For you folks west of the continental divide, the March Brown is Rithrogena morrisoni.  Evidently, Maccerfftium is the Eastern March Brown, whereas Rithrogena is the Western March Brown.

And, oh by the way, Rithrogena germanica, as you might guess from its name, is the European March Brown (probably the type specimen was collected in Germany).

Hmmm.  Three different animals (according to the scientists who study tarsi number, length, and hairiness) with the same common name.  Which is precisely why Carl Linnaeus came up with the binomial nomenclature thing in the first place.

All this esotery has little, if any, relevance to our shared objective, which is to tie flies that catch fish.  But I can't help trying to resolve something in my own head about wet flies.

I love the four wet fly types Dave describes.  For an exhaustive and gorgeous look at winged wet flies, you can check out the aforementioned 'Forgotten Flies'.  For flymphs, you should see the more readily available 



by Allen McGee (Frank Amato Press), which nicely brings to life the flies and techniques first introduced by Leisenring and Hidy, and illustrates in some detail dozens of contemporary flymph patterns.  Sylvester Nemes covers soft hackles, and frankly, i'm at a loss as to any other reference for 'fuzzy nymphs'.  Any suggestions out there?
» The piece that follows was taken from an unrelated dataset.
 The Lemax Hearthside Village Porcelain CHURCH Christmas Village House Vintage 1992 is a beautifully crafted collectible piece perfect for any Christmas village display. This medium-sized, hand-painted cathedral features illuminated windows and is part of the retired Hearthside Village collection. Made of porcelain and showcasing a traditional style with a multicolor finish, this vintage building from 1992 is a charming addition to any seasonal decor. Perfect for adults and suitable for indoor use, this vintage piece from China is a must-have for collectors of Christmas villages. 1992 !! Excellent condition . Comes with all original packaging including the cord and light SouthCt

Back to topic.  IF we were to adopt the taxonomic convention of most inclusive to least inclusive, then we could start with two 'Kingdoms' in fly tying - Dry Flies and Wet Flies.  Dry flies are fished 'dry', i.e. perched on top of the water where we can see them.  Wet flies are fished under the surface of the water where we can't see them (which is why dry flies and nymphs with bobbers are so popular - they are seeable, and we anglers like to be able to see what's going on). 

Right away, though, things get tricky.  Where do we put 'emergers'?  Hang onto that thought for a moment, if I haven't already lost you long ago.  
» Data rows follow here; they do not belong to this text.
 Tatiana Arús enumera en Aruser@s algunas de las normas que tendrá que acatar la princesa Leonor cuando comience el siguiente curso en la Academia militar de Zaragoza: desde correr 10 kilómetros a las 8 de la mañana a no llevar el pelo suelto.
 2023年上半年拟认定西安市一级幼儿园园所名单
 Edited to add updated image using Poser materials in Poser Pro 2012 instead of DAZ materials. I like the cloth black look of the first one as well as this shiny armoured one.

So if Wet Flies is the higher grouping that includes ALL patterns -- winged wets, flymphs, soft hackles, fuzzy nymphs, 'conventional nymphs, streamers, emergers, etc. -- that are fished wet, then the four pattern types that Dave Hughes summarizes would be lower groupings, somewhere down in the phyla-order-family area.  And then when we get below the general heading of, say, flymph, and get into all the possible individual patterns (i.e. genus and species level), then its just going to be bedlam.

Back to Emergers.  This is an emerger pattern tied by House of Harrop (and fished hard over several seasons)


and these are emerger patterns specifically named as such by Mike Lawson:




This is also an emerger pattern, conjured up by me (though closely modeled after other published patterns) and that fooled four large (18"+) brookies at a highly secret Maine locale:



And THIS is an emerger pattern than I came up with on my favorite landlocked salmon stream last spring during the time of Hendricksons.  The comparadun pattern that had been so effective the year before, for some inexplicable reason, was useless this last spring, so i cooked up this pattern one evening at the vise



and I could NOT keep the fish off this fly.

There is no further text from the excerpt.